In my case, that means I should have pierogi with either kangaroo, vegemite, or boerewors (South African farmer's sausage). As you can see, I came up with butterscotch bananas. I decided "my locale" also loosely translates into "my kitchen", and what I have in my kitchen at the moment is overripe bananas. Sounds perfect with some butter, brown sugar and dark rum, doesn't it? Except, I didn't have any rum, so I used some butterscotch schnapps instead. (I realise it's unforgivable to have butterscotch schnapps in your house, but it's leftover from the time I tried to recreate the butter beer from Harry Potter. Which turned out delicious, thank you very much.)

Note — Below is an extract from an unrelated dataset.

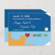 Tarjeta de aviso de fecha moderna y colorida. Perfecta para una boda de destino en Cancun, México. Los colores brillantes dan a esta tarjeta un aspecto tropical. Cuenta con un mapa de México con la palabra Cancun en diferentes colores y un corazón rojo. La tarjeta tiene forma de etiqueta de equipaje para añadir al concepto de boda de destino. Diseño divertido perfecto para una pareja moderna. Agrega el sitio web de la pareja en la parte posterior de la tarjeta. Agrega tu propia redacción.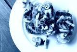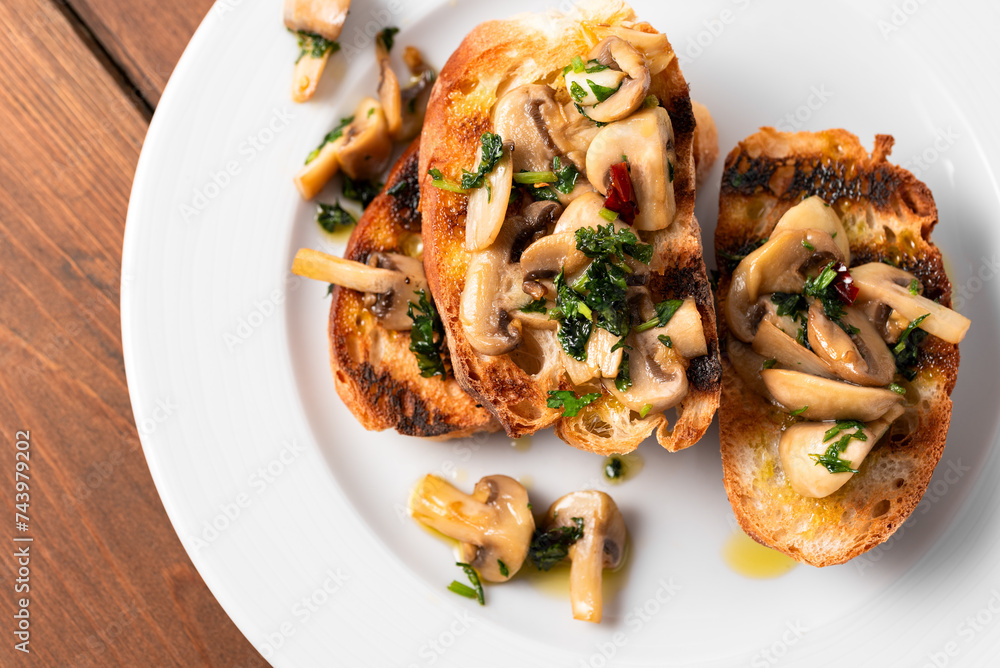 Deliziosi crostini conditi con olio di oliva, prezzemolo e funghi, spuntino vegetariano

I'm going to be completely honest with you, ladies and gentlemen. I am exhausted. The Fabulous Man has been away on business most of the week, and I'm worn out from looking after the Little Girl on my lonesome. To all you single mums out there: Respect, girlfriends. I don't know how you do it. It's a combination of the Little Girl refusing to miss out on anything, and being a bit out of sorts because she's missing Daddy. Just taking a shower is a challenge, since she realised that she can crawl in while I'm washing my hair and can't see or hear her. She's done it once (soaked through clothes put on only minutes before), and now she tries to do it every time. I dare you to try and wash your hair with one hand while keeping the shower door closed with the other, as the Little Girl bangs on it with all her might.
Falling asleep has always been a battle, but that's now combined with waking up way too often during the night for a one year old. Anyway, all this to explain that I'm tired, I'm not going to write fabulous posts tonights. Luckily this challenge was a fairly easy one, otherwise I would've missed out.
So without further ado, I bring you Butterscotch Banana Pierogi.
Butterscotch Banana Pierogi
½ cup (125 ml) milk (can be whole milk, 2% or skim milk)
½ cup (125 ml) whipping cream
3 large egg whites
1 tsp (5 ml) salt
3 cups (450 gm) all-purpose flour
1. Mix flour and salt, add other ingredients, and knead dough until you have a smooth dough.
2. On a floured surface roll out fairly thin (1/8” or about 3 millimeters), cut into 2” (5 cm) squares, and fill with 1 tsp (5ml) banana filling (see below).
2 bananas, chopped
2 tablespoons butter
2 tablespoons dark brown sugar
1 tablespoon butterscotch schnapps or rum (optional)
In a heavy saucepan, melt the butter and brown sugar until frothy.
Add the bananas, and fry until soft and fragrant.
Add the schnapps.
Keep separate until needed.
Fry the cooked pierogi in the leftover caramel until nice and golden, and serve with some cream and some schnapps on the side if you're letting your hair down.